- _Record set_:
★ ★ ★ ★ ★
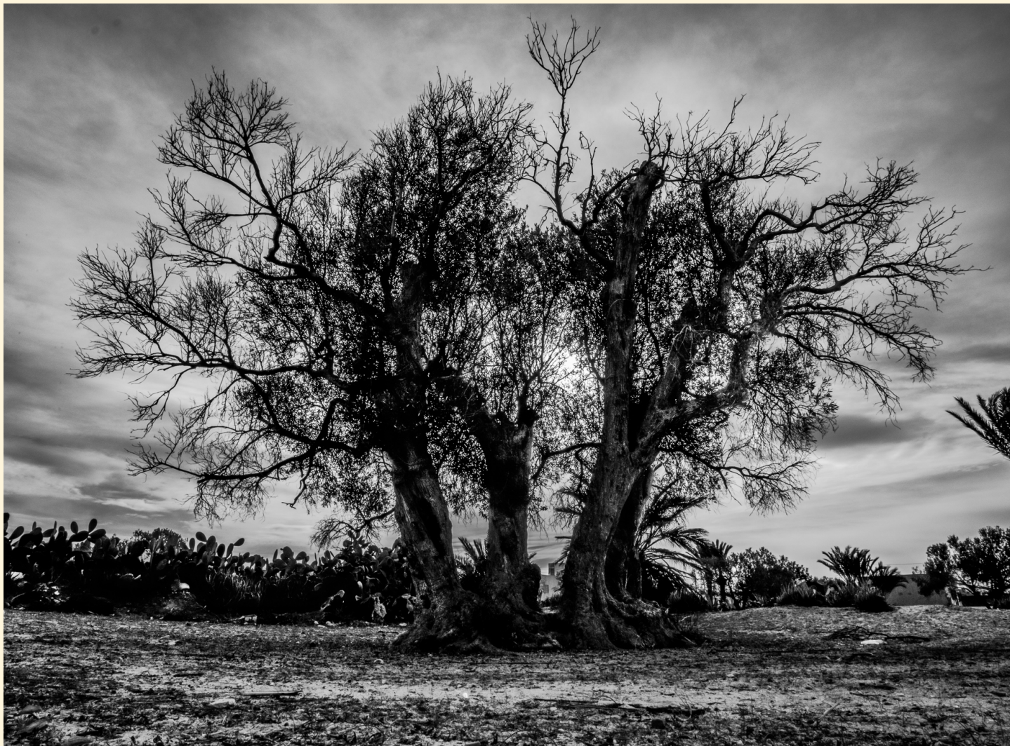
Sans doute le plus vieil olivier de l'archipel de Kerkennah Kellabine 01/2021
★ ★ ★ ★ ★
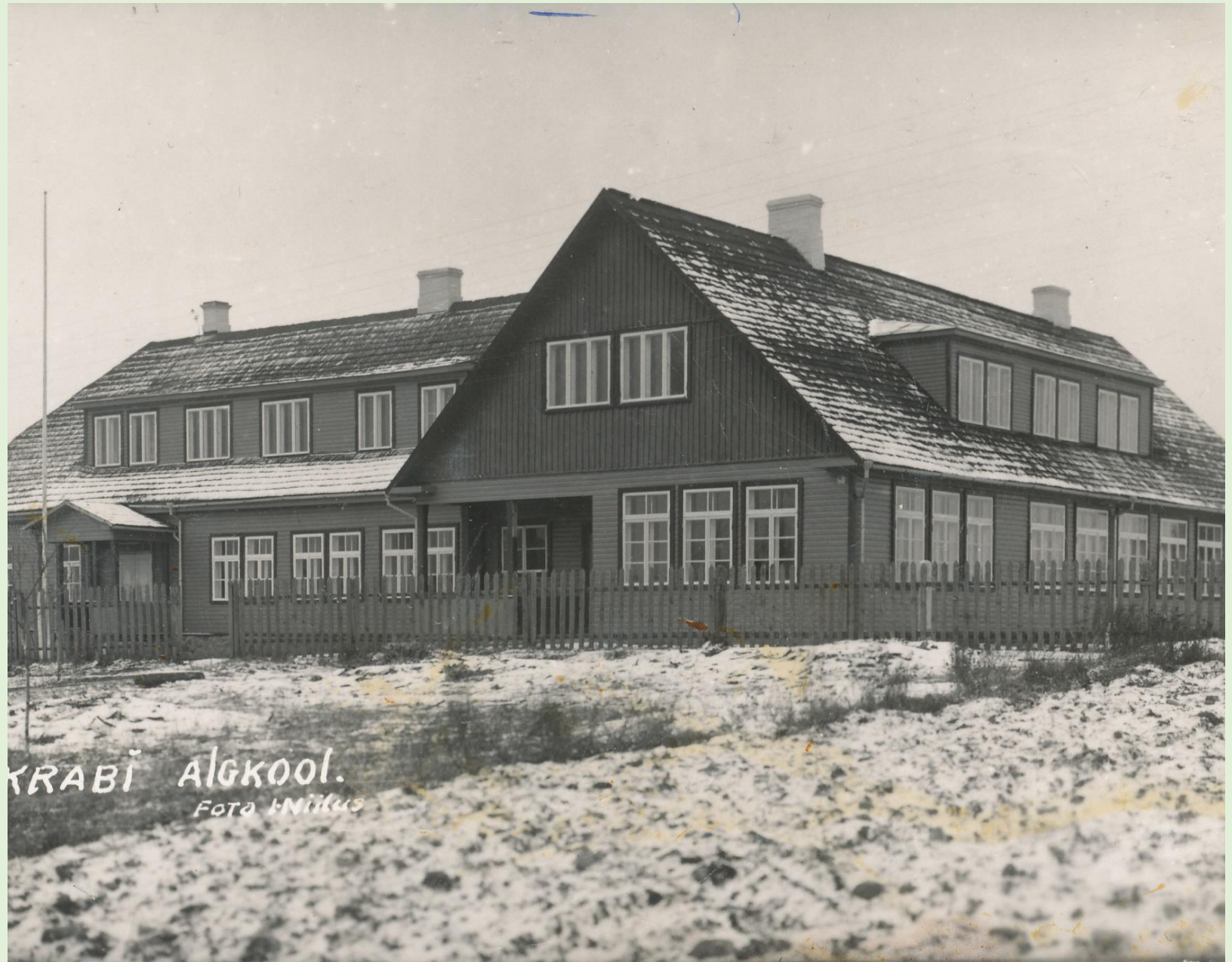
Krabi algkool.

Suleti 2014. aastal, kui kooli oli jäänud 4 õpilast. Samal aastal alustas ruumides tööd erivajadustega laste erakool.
★ ★ ★ ★ ★
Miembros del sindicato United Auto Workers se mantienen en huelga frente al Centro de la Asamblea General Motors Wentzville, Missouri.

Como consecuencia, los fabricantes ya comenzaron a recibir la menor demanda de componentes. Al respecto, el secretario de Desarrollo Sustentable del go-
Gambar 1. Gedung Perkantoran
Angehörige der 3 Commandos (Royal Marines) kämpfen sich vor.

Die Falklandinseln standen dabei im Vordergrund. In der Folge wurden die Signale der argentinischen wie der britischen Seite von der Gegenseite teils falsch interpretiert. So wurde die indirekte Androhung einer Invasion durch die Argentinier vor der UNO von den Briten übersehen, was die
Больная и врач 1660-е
★ ★ ★ ★ ★
- _Task to carry out_: Of the lines above, retype only those from the line containing "Angehörige der 3" through the line containing "Больная и врач 1660-е", including both, exactly.

- _Solution_:
Angehörige der 3 Commandos (Royal Marines) kämpfen sich vor.

Die Falklandinseln standen dabei im Vordergrund. In der Folge wurden die Signale der argentinischen wie der britischen Seite von der Gegenseite teils falsch interpretiert. So wurde die indirekte Androhung einer Invasion durch die Argentinier vor der UNO von den Briten übersehen, was die
Больная и врач 1660-е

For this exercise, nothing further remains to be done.